Does anybody know any function or trick to get $f^{2^n}(1/2)$ with a large value of $n$?

• Ha! another stupid decision from SO 10K users stackoverflow.com/q/16261682/353410 – Dr. belisarius Apr 29 '13 at 14:38
• You do know that iterating the logistic equation eventually results in a periodic sequence, no? Find the period, and then you can extrapolate on what the $2^n$-th iterate ought to be. – J. M.'s torpor Apr 29 '13 at 14:43
• @belisarius Try k=2.9 or 3.1 or 3.4. You happen to be choosing a value of k right at a bifurcation, where the convergence to the fixed point is absurdly slow. But, of course, the iteration need not always converge to a periodic orbit; that's the point behind chaos. – Mark McClure Apr 29 '13 at 15:01
• @belisarius No, I don't think you can analytically find the attractive orbit in terms of k in a simple way. What I think J.M. is suggesting is extrapolate from when the bifurcations occur. In fact, the existence of the Feigenbaum constant is really an assertion that such an extrapolation works. – Mark McClure Apr 29 '13 at 15:10
• @thewanderer I assume that you mean when n>5, but note that for n=5, your polynomial has degree 2^2^5. and it's simply not feasible to solve this using simple techniques. You should look into some of the papers of Keith Briggs to learn his extrapolation techniques: keithbriggs.info – Mark McClure Apr 29 '13 at 21:26

This is from an old notebook of mine. Not claiming it's the best nor even optimal. Surprisingly, it's well commented. I wrote it in a step-by-step fashion for demonstrational purposes for some class.

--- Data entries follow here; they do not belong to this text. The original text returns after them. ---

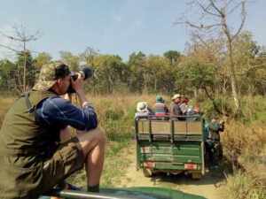 Our journey into the heart of Chitwan National Park was truly unforgettable. As we ventured deep into the jungle on a thrilling jungle walk, we were surrounded by breathtaking landscapes—lush forests, open grasslands, and the untouched beauty of Nepal’s wilderness.
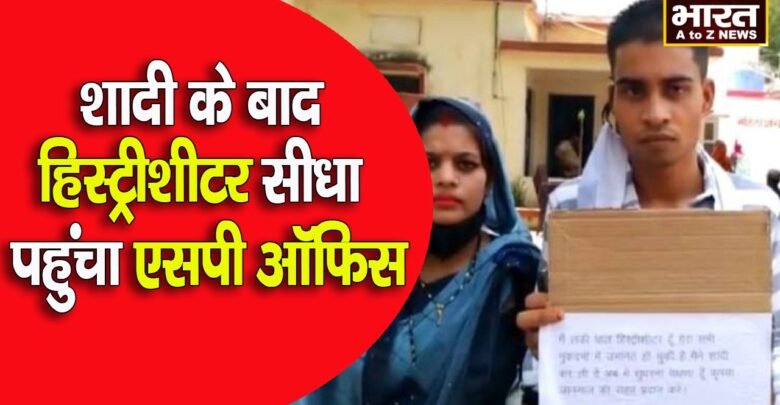 हाथ में तख्ती लेकर पत्नी के साथ एसपी ऑफिस पहुंचा हिस्ट्रीशीटर
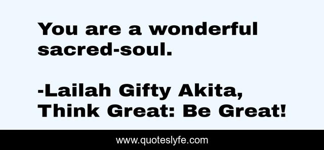 "Lailah Gifty Akita, Think Great: Be Great! Quotes." Quoteslyfe.com, 2025. Sat. 06 Dec. 2025. <https://www.quoteslyfe.com/quote/You-are-a-wonderful-sacred-soul-78373>.

$$\text{\delta =}\lim_{n\rightarrow \infty } \delta _n=\lim_{n\rightarrow \infty } \frac{r_{n+1}-r_n}{r_{n+2}-r_{n+1}}=\lim_{n\rightarrow \infty } \frac{\mu _{n+1}-\mu _n}{\mu _{n+2}-\mu _{n+1}}$$

where $r=4\mu$.

## Initial conditions

Calculating $\mu_0$, $\mu_1$ and $\mu_2$; defining F and delta[n] for higher n.

f[x_] := mu x (1 - x)


(* Numerically, find the values μ_n at which the 2^n cycle is superstable, for the first few values of n. *)(* Superstable orbits contain 1/2. *)

(* We choose an initial value for x_0 to find bifurcation points; we chose x_0=1/2, because why not *)

eq0 = f[1/2] == 1/2;
mu0 = mu /. N[Solve[eq0, mu]][[1]]


2.

m = {};
AppendTo[m, mu0]


{2.}

eq1 = f[f[1/2]] == 1/2;
mu /. N[Solve[eq1, mu]]


{2., -1.23607, 3.23607}

(* There are three roots here. We can use FindRoot to find a numerical solution; if we start near the expected solution, perhaps we'll get it. *)

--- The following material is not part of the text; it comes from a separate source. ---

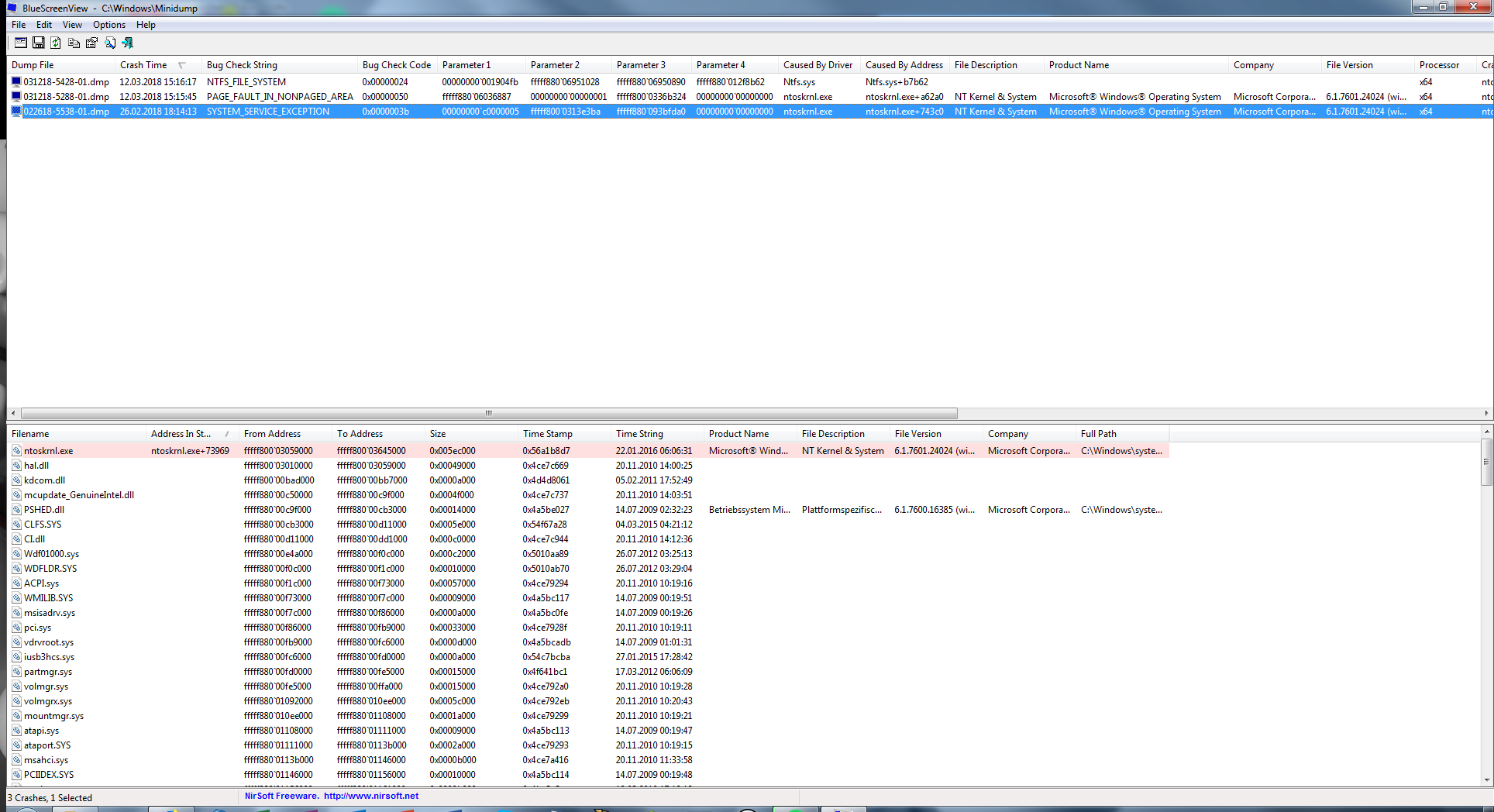 Das verwunderliche ist für mich dass der dritte dem zweiten Bluescreen direkt nach dem Neustart folgte.

max = First[Select[mu /. N[Solve[eq1, mu]], # > m[[1]] &]]


3.23607

FindRoot[f[f[1/2]] == 1/2, {mu, max}];
mu1 = mu /. %


3.23607

AppendTo[m, mu1]


{2., 3.23607}

(* To get the later bifurcation points μ[n], we need a function which iterates f many times. In Mathematica, the standard method (Nest) actually expands the composition out algebraically before plugging in: iterating f 2^12 times involves generating an expression of order 2^12-1 long in mu. We use old-fashioned iteration to speed things up. Unfortunately, Mathematica does things algebraically unless we insist otherwise. We insist that x and mu be real numbers before iterating! *)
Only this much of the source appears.